Overbite returns with nothing but bandages wrapped in soggy yellow plastic. He throws them on the counter before the woman. I suppose he tries a little, he does reach under the counter and give her two basins of water, a rag for washing, and a bottle of antiseptic.

"Hey." I snap my fingers to get his attention. "Get her some damn medicine, will you? Come on."

"I have no medicine to give," he says. "You can see for yourself. The cabinet's on the wall." He jabs a slimy thumb over his bloated shoulder.

"What do you mean, you have no fucking medicine? And why the hell are you giving these people shit food?"

Overbite straightens. He crosses his bloated arm over his fat stomach, the gray shirt lifting from infected hairy skin. "Well, Eden," he says. "Our supplies come from the Aurelian. So maybe you can answer that question for yourself."

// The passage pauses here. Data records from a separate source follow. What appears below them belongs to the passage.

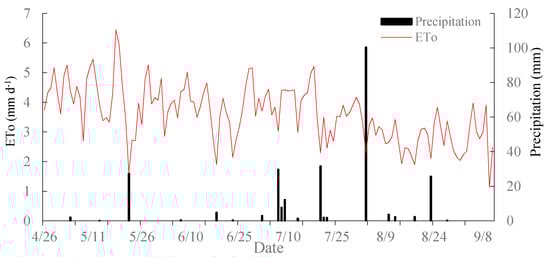 Variation of the reference crop evapotranspiration and precipitation during the growth period of maize. Note: ETo represents reference crop evapotranspiration, mm. ETo was calculated by means of the FAO Penman–Monteith Equation (2) for the entire growth season of maize.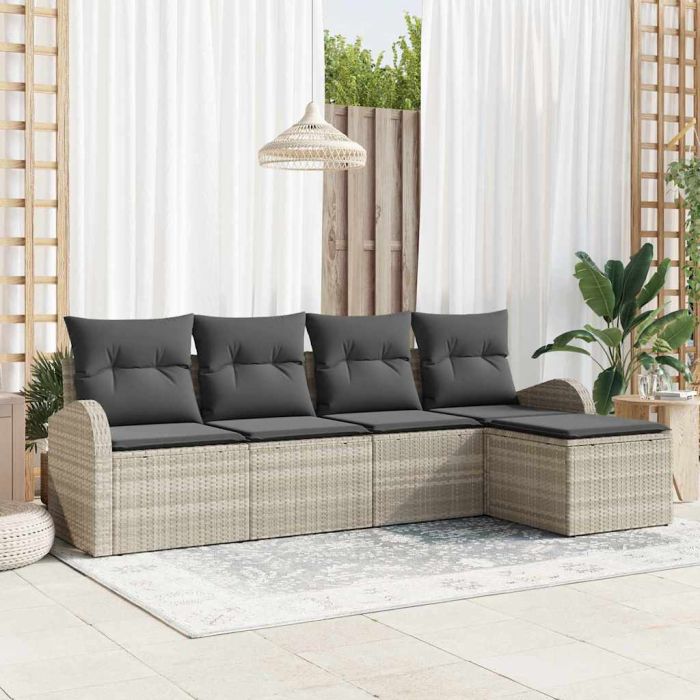 Aprašymas / vidaXL Sodo Sofų Rinkinys 5 pcs Šviesiai pilka poliratanas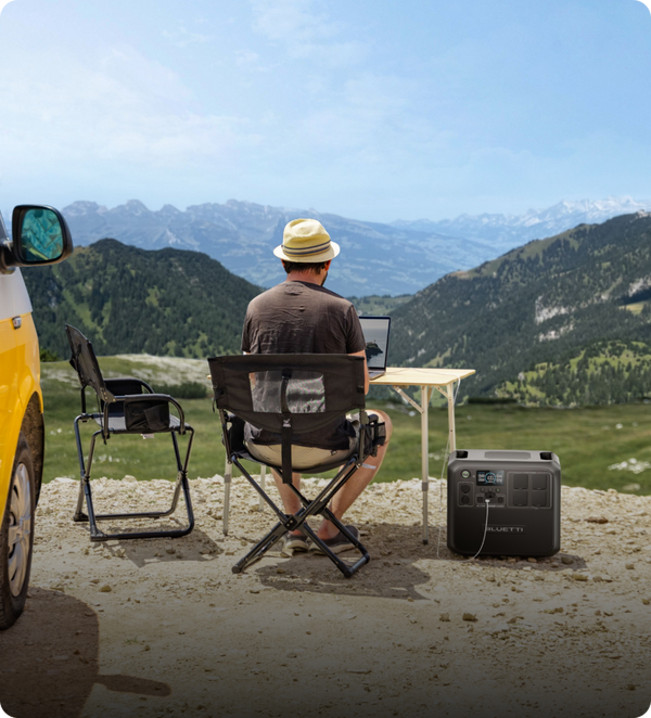 Pegue a estrada e leve sua casa com você. As estações de energia ecológicas e o gerador solar para RV da BLUETTI mantêm seus dispositivos carregados, a geladeira funcionando e as noites brilhantes. Seja trabalhando na natureza ou observando as estrelas, aproveite o conforto de casa em cada aventura de vanlife.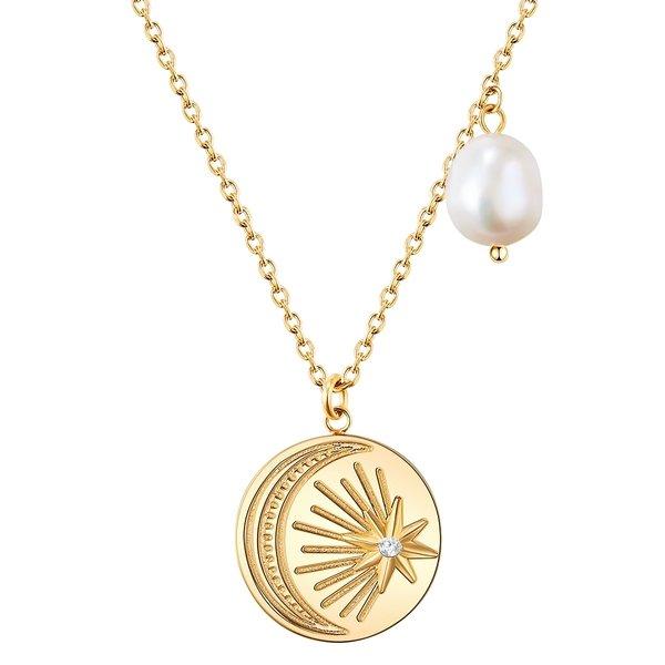 Vous voulez un accessoire qui combine la lueur de perles de perles avec un design de bijoux à la mode? Ensuite, vous fermerez cette jolie chaîne de la marque Valero Pearls dans votre coeur! Le point culminant est le médaillon avec la gravure céleste et un élément radio du cristal Preciosa. Une perle de culture d'eau douce mélangée définit un accent asymétrique passionnant. La chaîne d'ancrage et le médaillon sont en acier inoxydable et raffinés d'un parent jaune brillant chaud. Le confort confortable offre le fermoir pratique du homard et une chaîne d'extension facilitent le réglage de la longueur rapidement et facilement.

I blink. Heavy silence bathes the room. The old man on the floor wakes up and puts his chin on his hands to watch me with blind eyes. All the junkies in the corners raise their heads at once, some shooting wicked smiles at the merchant, others too dazed to understand what they see.

"You've got a leak in the ceiling," I say. "Right above your head."

He follows my gaze to the concrete dome. "Yeah, I kno--"

What a brilliant wave of light. The beam bursts from the end of Thief's light gun with hardly a tap on the trigger, and in my tired eyes, the bullet is enchanting. I aim as if unhindered by exhaustion, my surroundings cleared from that fuzz I'd grown used to, just in time to see the bullet pull apart the sores around his neck.

The light shoves a hole into the shredded beer cabinet behind him, forever marking how tall he used to be. His hands fly to the ripped sinew in his neck, blood squeezing through the last of his fingers, while his stump tries to reach. The barrel of my gun smokes, the chamber hot from the blast. I stare over the sight to watch him fall, tongue lulled over blackened lips, snaggle tooth loosened from his gums.

The woman screams but her daughter doesn't flinch, still sucking bits of turkey from her fingers. All the others go back to their business, disappointed by the fight, but a sense of anticipation hangs in the air. His body lies still behind the bar, lifeless eyes forever watching the rain drip through holes in the ceiling, at least until the insects start to squirm beneath his skin.

I pop a red cherry tomato in my mouth. Delicious seeds squeeze between my teeth; the peel snappy with a center full of juice. The mother gawks at Overbite's corpse with great bug eyes, her heartbeat so loud that it's hard to enjoy my meal.

"So," I say around my greens, saving the turkey for later, the other tomatoes for the very last. "We have a bit of an ultimatum here."